**Your assignment**
Everything from the line with "This document provides" to the line with "寒い季節にぴったりな、ふわふわのフリース素材を使用した小型犬向け冬用ウェア。" in the listing below, both lines included, needs to be copied exactly, apart from the pictures.

**Data records**

....

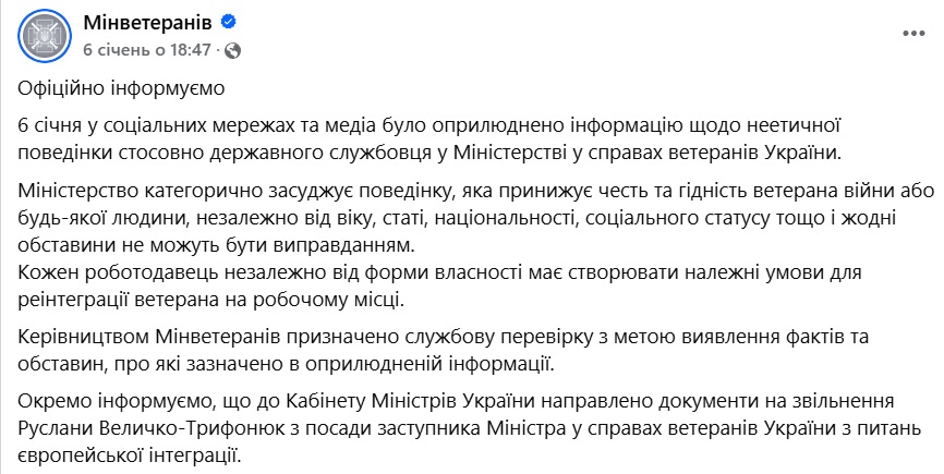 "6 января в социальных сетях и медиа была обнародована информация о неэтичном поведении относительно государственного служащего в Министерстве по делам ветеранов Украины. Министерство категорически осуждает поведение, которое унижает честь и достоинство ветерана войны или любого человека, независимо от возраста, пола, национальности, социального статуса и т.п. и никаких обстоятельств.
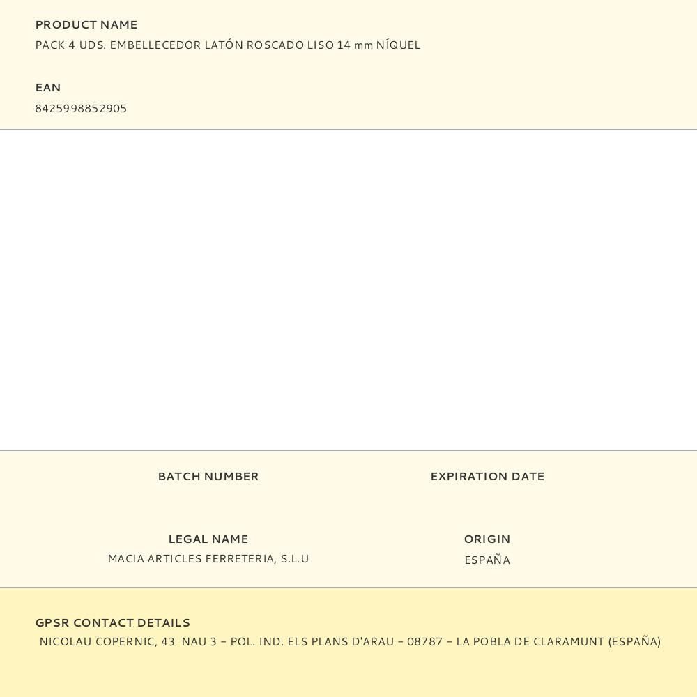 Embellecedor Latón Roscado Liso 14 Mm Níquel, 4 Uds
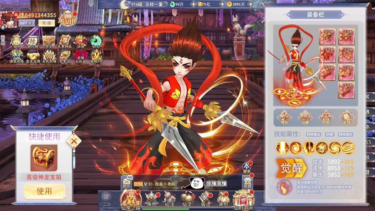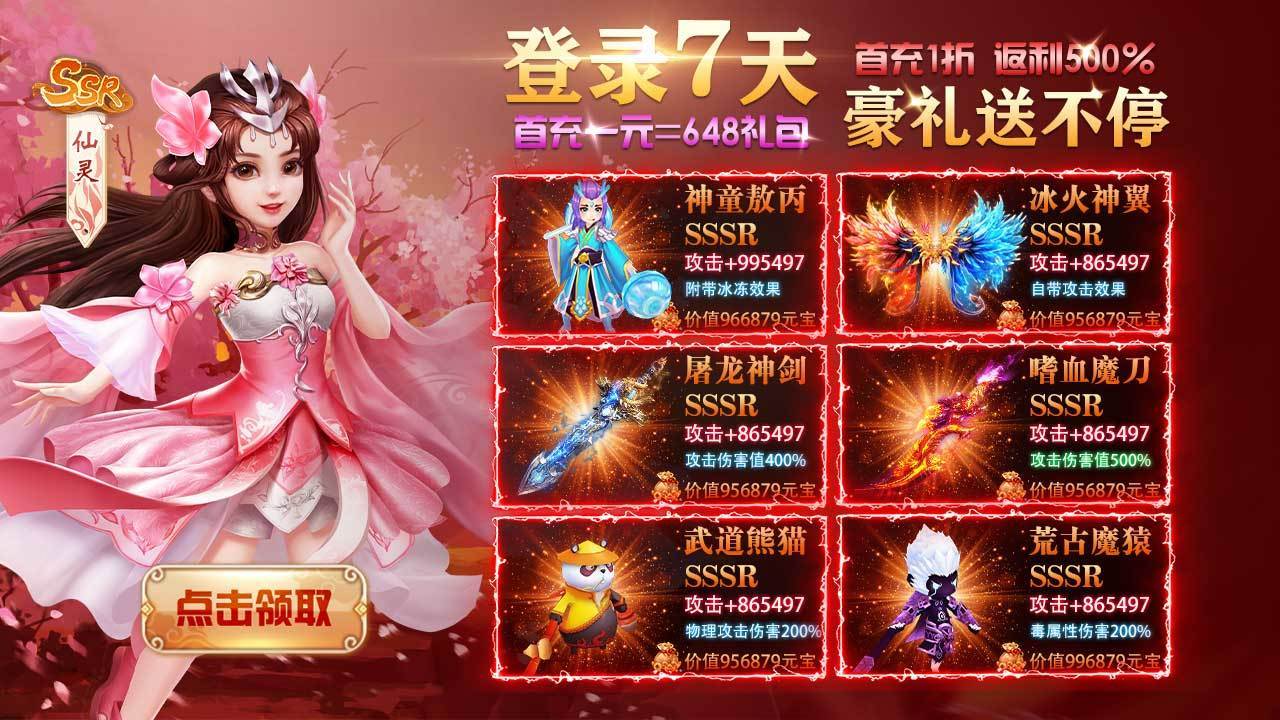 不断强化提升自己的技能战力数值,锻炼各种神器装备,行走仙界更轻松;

....

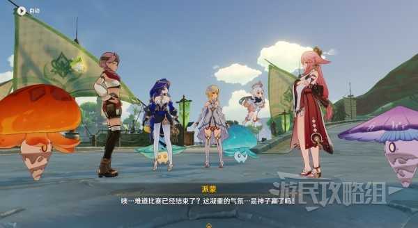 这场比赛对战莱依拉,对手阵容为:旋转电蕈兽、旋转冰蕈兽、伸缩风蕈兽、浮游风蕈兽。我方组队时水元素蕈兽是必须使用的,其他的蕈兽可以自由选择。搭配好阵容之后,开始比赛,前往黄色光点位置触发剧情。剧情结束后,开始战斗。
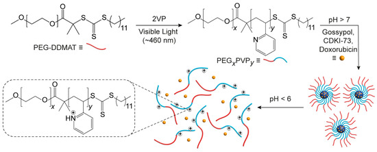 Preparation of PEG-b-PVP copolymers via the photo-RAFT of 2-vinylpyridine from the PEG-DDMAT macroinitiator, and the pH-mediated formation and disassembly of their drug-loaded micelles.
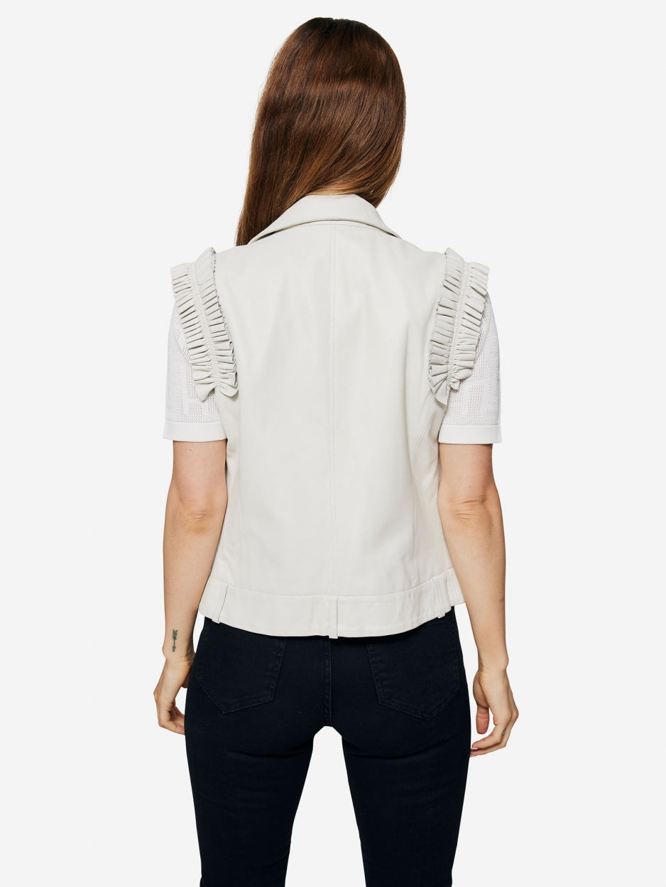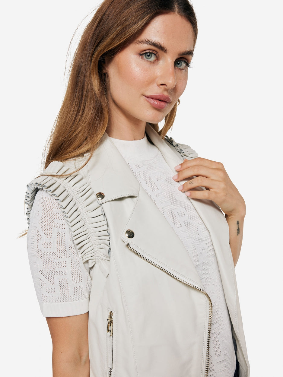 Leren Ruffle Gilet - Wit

....

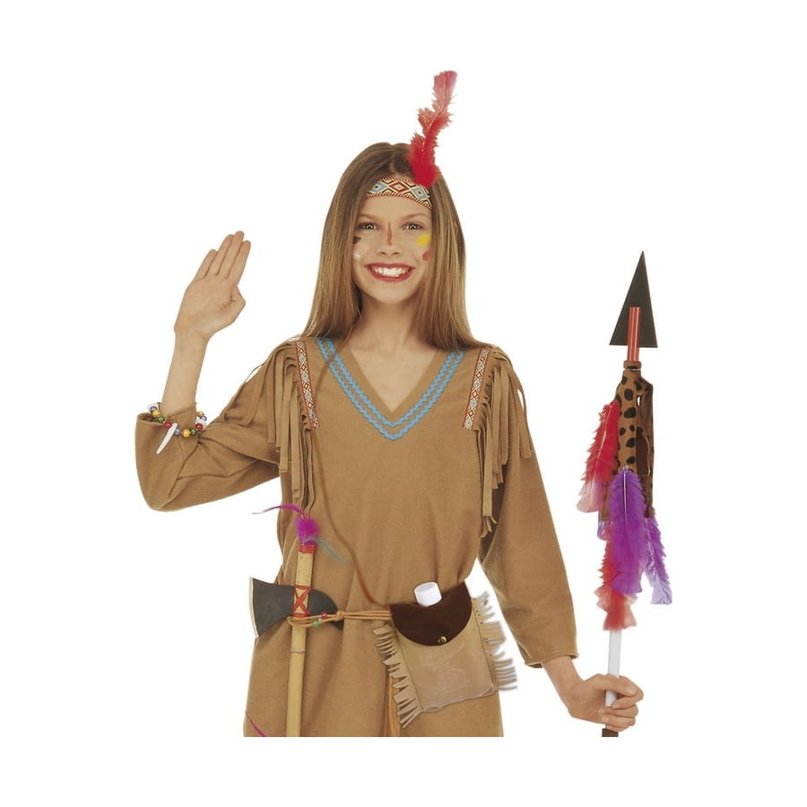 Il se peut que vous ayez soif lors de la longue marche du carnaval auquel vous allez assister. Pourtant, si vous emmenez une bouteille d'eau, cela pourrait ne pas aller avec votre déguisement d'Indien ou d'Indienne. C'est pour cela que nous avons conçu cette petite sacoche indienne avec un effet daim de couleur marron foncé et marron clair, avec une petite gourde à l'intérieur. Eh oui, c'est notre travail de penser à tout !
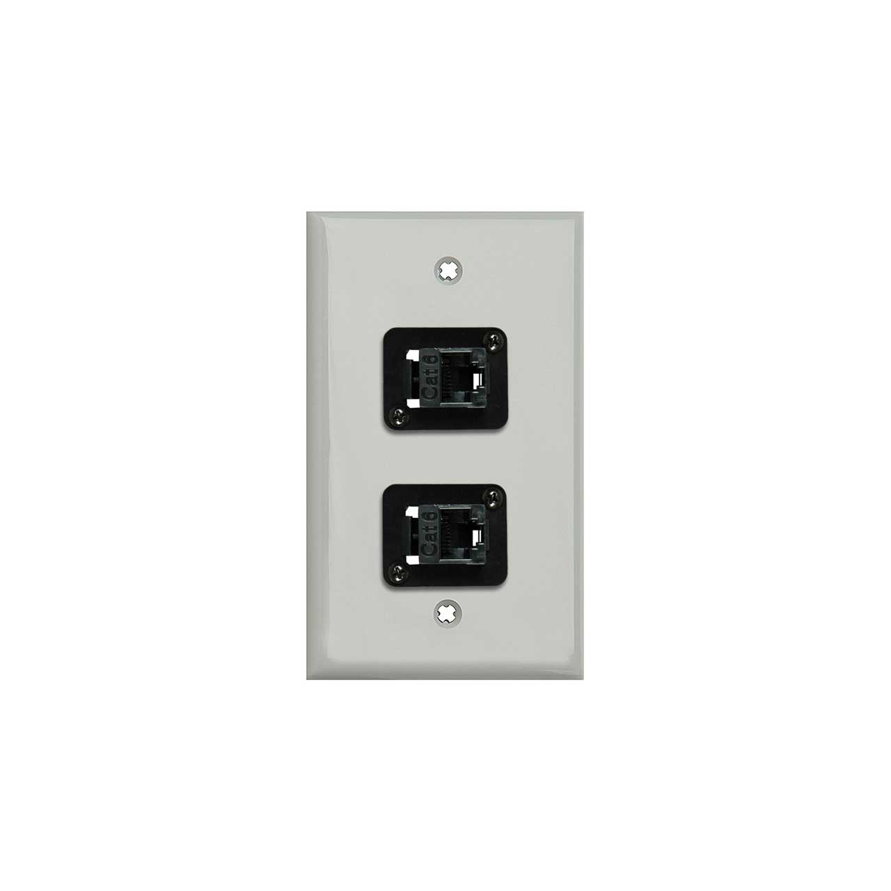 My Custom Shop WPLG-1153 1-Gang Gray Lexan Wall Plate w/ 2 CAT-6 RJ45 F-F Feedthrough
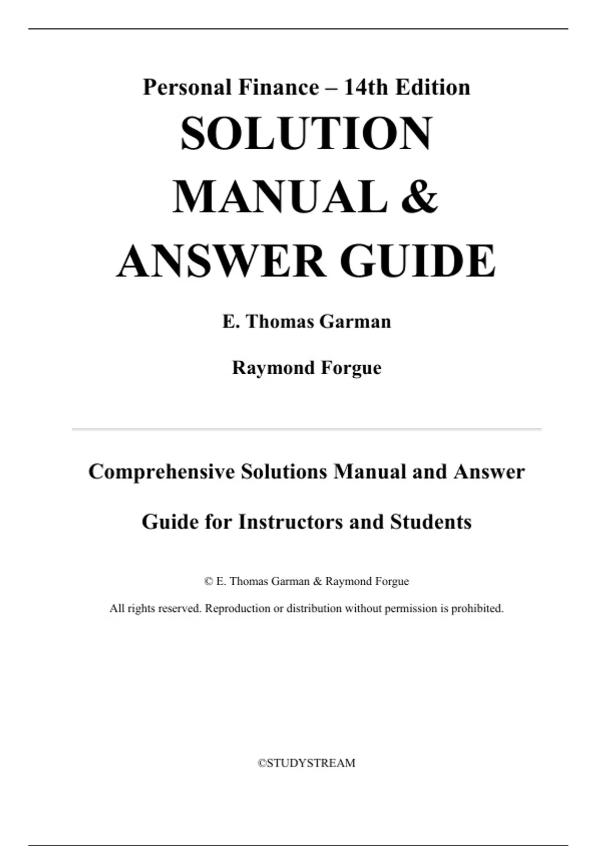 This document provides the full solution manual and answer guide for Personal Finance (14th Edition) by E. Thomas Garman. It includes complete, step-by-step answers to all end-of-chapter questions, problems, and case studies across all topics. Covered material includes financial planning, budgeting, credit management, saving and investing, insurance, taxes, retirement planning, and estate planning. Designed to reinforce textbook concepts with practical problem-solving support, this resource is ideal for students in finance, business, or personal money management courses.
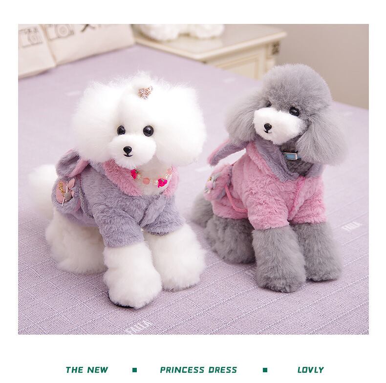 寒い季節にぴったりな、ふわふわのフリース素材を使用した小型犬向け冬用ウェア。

....

**Reply**
 This document provides the full solution manual and answer guide for Personal Finance (14th Edition) by E. Thomas Garman. It includes complete, step-by-step answers to all end-of-chapter questions, problems, and case studies across all topics. Covered material includes financial planning, budgeting, credit management, saving and investing, insurance, taxes, retirement planning, and estate planning. Designed to reinforce textbook concepts with practical problem-solving support, this resource is ideal for students in finance, business, or personal money management courses.
 寒い季節にぴったりな、ふわふわのフリース素材を使用した小型犬向け冬用ウェア。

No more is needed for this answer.